Investment as Industrial Strategy, Not Just Financing
The broader lesson is one that trade officials across the continent should take to heart: foreign investment should no longer be treated primarily as a financing tool. It is an instrument of industrial and value-chain development, and it needs to be managed as one.
Whether African economies capture the benefits of this new investment wave will hinge less on how much capital they attract and more on whether they build the institutional, regulatory, and logistical scaffolding needed to turn that capital into productive capability – into industries that can actually compete, and supply chains where African firms hold real positions rather than walk-on roles.
Geopolitics Has Entered the Boardroom
Perhaps the most consequential shift in the new investment landscape is this: geopolitics is now a primary driver of where capital goes. Supply-chain security, access to critical minerals, energy transition strategy, technological rivalry, and the diversification of production networks are all shaping investment decisions in ways that would have seemed abstract a decade ago.
That puts Africa in an unusually strong position – not solely because of its natural resources, but because of its expanding markets, strategically located transport corridors, renewable energy potential, and central role in the reshuffling of global supply chains.
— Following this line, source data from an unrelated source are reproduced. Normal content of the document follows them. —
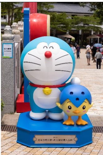
"Doraemon: Nobita and the New Steel Troops—Winged Angels" (2011)
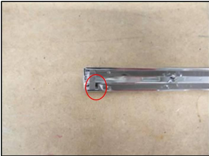
Figure 2 (the red circle shows the opening of the incomplete bonding)

Because of incomplete bonding of the trim strip (Figure 2, red circle) water can get between trim strip and door. Because of water ingress, corrosion is possible in the area of the guide holes (Figure 1, red circles).
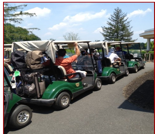
Golfers are lined up and ready to go!
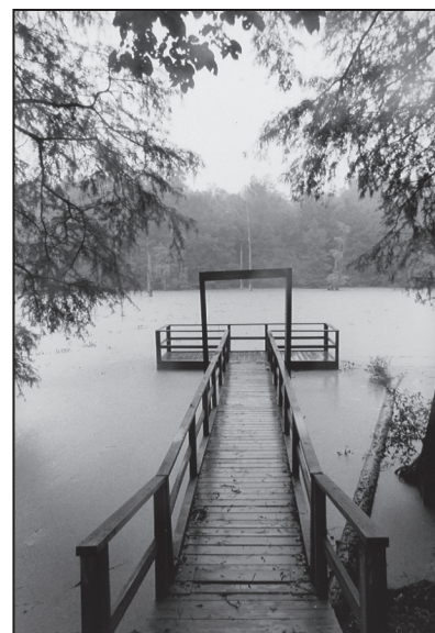
This photo by Christina Holcomb, Cy-Fair HS - Houston, was part of the Second Place Landscape/Nature portfolio. The portrait was part of Cy-Fair's

The ATPI Top Program contest consists of eight individual portfolio competitions. Schools enter 10-print portfolios into four of the eight categories - architecture, digital, documentary/photojournalism, landscape/nature, portrait, sports, still life and thematic. Each portfolio represents the work of at least five students. Schools are awarded points based on first, second, third or honorable mentions in each contest. The school with the greatest number of points after all eight contests is named the Top Program for the school year.
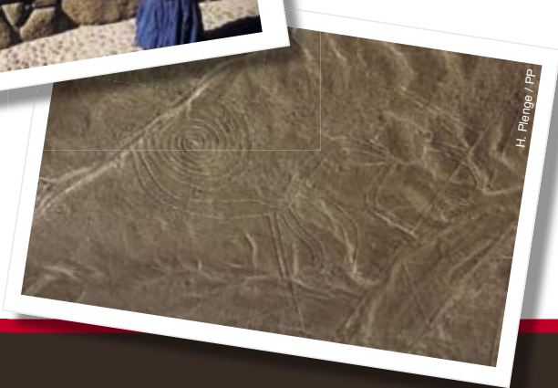
The Nasca Lines. Monkey geoglyph
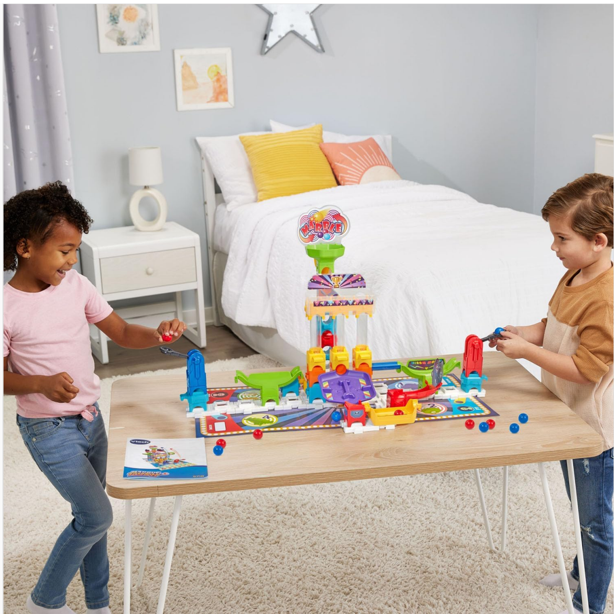
Image: Two children playing with the Marble Rush set.
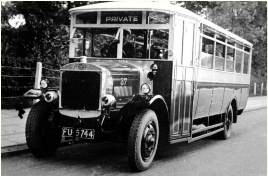
Between 1908 and 1936 there were many interchanges of vehicles between the Provincial Grimsby and Gosport fleets, including this handsome 1926 Guy BB with Guy B28F body. Seen here as Grimsby 37, it spent January–November 1930 as fleet no.28 whilst at Gosport.
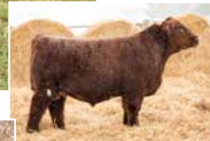
PVF Finding Favor 5E
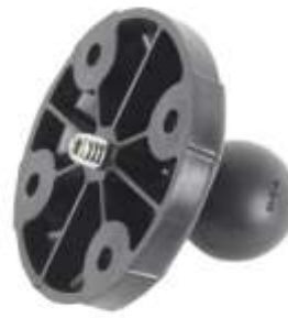
RAP-B-202A RAM 2 1/2 DIAMETER BASE WITH 1/4" 20 STST STUD
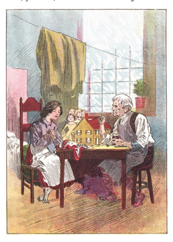
THE BLIND TOY MAKER.

"And you are so very, very little, you see," the milliner still objected.
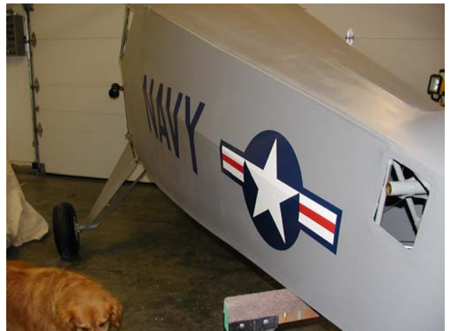
Jim's Colt project is sure looking good. Can't wait to see those wings!
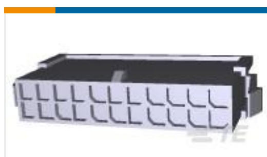
TE Part #2-794615-2 PANEL MT DBL ROW HSG 22 POS

This is opportunity. It is also a test. Competition among global powers is handing African governments more bargaining leverage than they have held in decades. But leverage is not destiny. Geopolitical relevance, left unmanaged, simply reproduces yesterday’s extractive economic model with a new cast of buyers. Unless governments actively shape the terms of engagement, today’s “strategic asset” status risks becoming tomorrow’s cautionary tale.
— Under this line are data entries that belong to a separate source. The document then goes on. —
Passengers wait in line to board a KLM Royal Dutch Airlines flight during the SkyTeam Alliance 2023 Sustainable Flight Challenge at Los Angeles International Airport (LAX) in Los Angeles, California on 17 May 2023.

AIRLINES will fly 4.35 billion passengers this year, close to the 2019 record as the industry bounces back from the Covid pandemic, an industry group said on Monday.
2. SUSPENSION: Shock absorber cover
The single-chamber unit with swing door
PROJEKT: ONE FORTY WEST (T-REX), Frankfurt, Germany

From Suppliers of Assets to Architects of Value Chains
The task ahead, then, is to move from being passive suppliers of strategic assets to becoming deliberate architects of strategic value chains. That means directing investment toward sectors that build domestic productive ecosystems. It means negotiating hard for technology transfer, local supplier development, skills upgrading, and value addition – not accepting them as afterthoughts. And it means managing strategic assets, from critical minerals and energy resources to ports, logistics corridors, and digital infrastructure, in ways designed to maximize spillovers across the wider economy, not just returns for a single project.
Above all, it means African governments treating their growing geopolitical leverage as a tool for something bigger than attracting capital: securing access to technology, production networks, and partnerships that expand what their economies are actually capable of producing.
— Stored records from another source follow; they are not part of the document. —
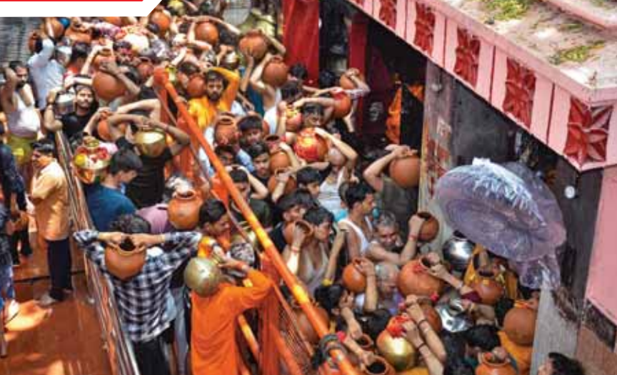
Devotees carrying holy water from Ganga river wait in queues to perform 'puja' at Vindhyachal Dham, in Mirzapur
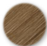
Warm Cedar 97
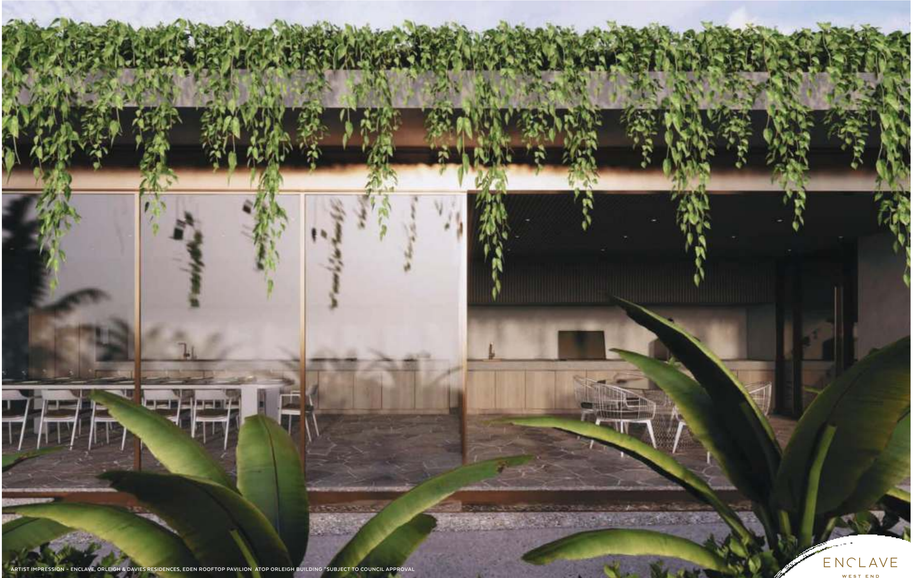
ARTIST IMPRESSION - ENCLAVE, ORLEIGH & DAVIES RESIDENCES, EDEN ROOFTOP PAVILION ATOP ORLEIGH BUILDING *SUBJECT TO COUNCIL APPROVAL

Real Prize is Institutional Capacity
The countries that thrive in this new global economy will not necessarily be the ones with the largest mineral reserves, the busiest ports, or the most enviable geography. They will be the ones with the institutional capacity to convert geopolitical importance into economic power – turning strategic assets into productive capabilities, resilient industries, and real, competitive participation in regional and global value chains.
Africa has never had more leverage than it does right now. The question is no longer whether the world wants what Africa has. It is whether African institutions are ready to make sure that wanting translates into building.
Danilo Desiderio serves as the CEO of Desiderio Consultants Ltd in Nairobi, Kenya, specializing in African customs, trade, and transport policies and is a senior associate to the Horn Economic and Social Policy Institute (HESPI).